Infine, e questo è sempre frutto della stessa scarsa attenzione, ma in questo caso anche di scarsa professionalità, come è possibile che su due quotidiani nazionali italiani ci siano, il giorno 5 aprile 2014, due diverse ricostruzioni di quel giorno a Nassiriya e che queste, a loro volta, differiscano da quella della fotografa, che venne da me interpellata via email pochi giorni dopo l’attentato e che gentilmente mi rispose con qualche giorno di ritardo, scusandosi per non essere riuscita a farsi viva prima (in quel periodo Niedringhaus era di stanza a Baghdad, ricordiamolo)? La fotogiornalista, come si può leggere nella intervista che pubblicammo dieci anni fa partì in realtà da Baghdad alle 12.30, quasi due ore dopo l’esplosione, avvenuta alle 10.39 del mattino, e arrivò a Nassiriya verso le 16. Poi le lentezze legate a motivi di sicurezza ritardarono ulteriormente la visita fino alle 17.30. E infatti nel frattempo, come si può chiaramente vedere nella foto, il teatro dell’esplosione era stato ripulito.

Scrive invece Nicola Pinna, giornalista che per La Stampa (edizione cartacea del 5 aprile 2014, prima pagina) ha raccolto a Cagliari la testimonianza del soldato con la mano sull’elmetto:


«In un attimo ha colto tutta la nostra disperazione». Ricorda così Anja Niedringhaus Mattia Piras, il soldato italiano immortalato dalla fotografa uccisa il 12 novembre 2003, subito dopo la terribile strage a Nassiriya, Iraq. A Nassiriya quel giorno Anja non ci doveva essere: aveva sostituito un collega all’ultimo momento.
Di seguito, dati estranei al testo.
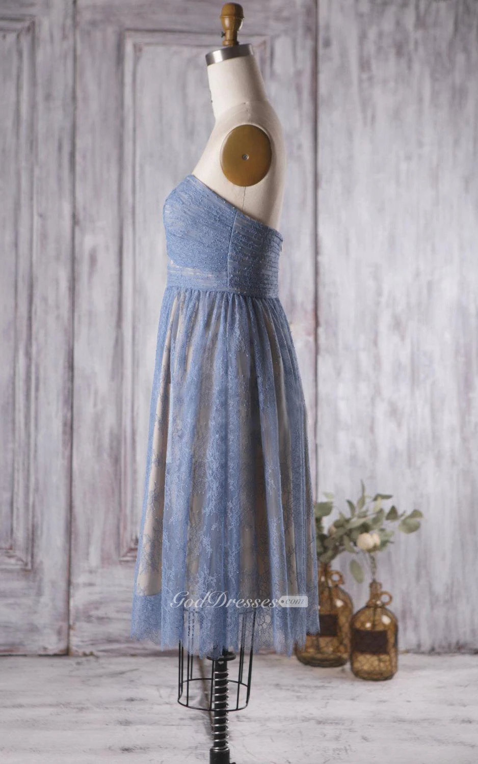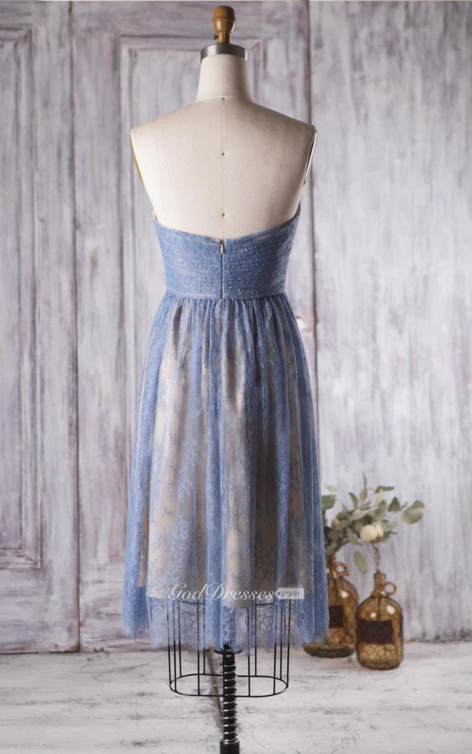 Backless Sweetheart A-line Pleated Lace Knee Length Dress

Mezz’ora dopo l’esplosione, però, era già lì, di fronte alla Base Maestrale.

Ma come "mezz’ora dopo"? Ma se nella foto si vede un cielo notturno, come è possibile fare questa affermazione?


Secondo invece Francesco Battistini, che su Corriere.it del 4 aprile 2014 riferisce le parole del caporal maggiore Mattia Piras:


«Anja scattò quella foto ed erano già passate più di sei ore, ma per me il tempo s’era fermato. Intorno, fumava ancora tutto. Lavoravo al settore della pubblica informazione, avevo accompagnato i primi giornalisti a vedere gli effetti dell’esplosione: c’era anche lei, “la tedesca bionda”, come la chiamavamo, perché stava al campo da un po’ di giorni. Mi misi di guardia: davanti a me non vedevo nulla, ero stravolto, mi asciugavo il sudore, le lacrime. Davanti agli occhi mi passavano solo i volti dei miei colleghi morti, gli amici uccisi dall’esplosione delle 10,39: Massimo, Silvio, gli altri ragazzi. Non mi accorgevo di nulla. In quell’attimo, lei fece clic…».

Nella foto si vede chiaramente che non c’è più alcuna traccia di fumo. E se, come riferisce Piras, “la tedesca bionda (…) stava al campo da un po’ di giorni”, come mai ha scattato solo “sei ore” dopo? Non viene il dubbio, al giornalista, che ci sia qualche contraddizione nelle parole di Piras? E se il dubbio è sorto, come mai l’autore dell’articolo non l’ha fatto notare al militare chiedendo di cercare di fare mente locale e ricordare meglio i particolari?

La lettura di un altro quotidiano, La Repubblica, che a onor del vero ha riportato correttamente i fatti, riserva un agghiacciante errore che mai s’era visto prima. Nel descrivere l’omicidio (pagina 16, box in alto a sinistra “La Giornata”, l’ignoto estensore dell’articolo inizia così il suo pezzo:

“Kabul. Allahu Akbar ha gridato il poliziotto che l’ammazzata (sic)."

Verrebbe da concludere “ammazzata  la fotoreporter e ammazzata pure la lingua italiana”.
Se parliamo poi dell’importanza della fotografia giornalistica, quella, nei giornali italiani, è stata ammazzata già molto tempo fa.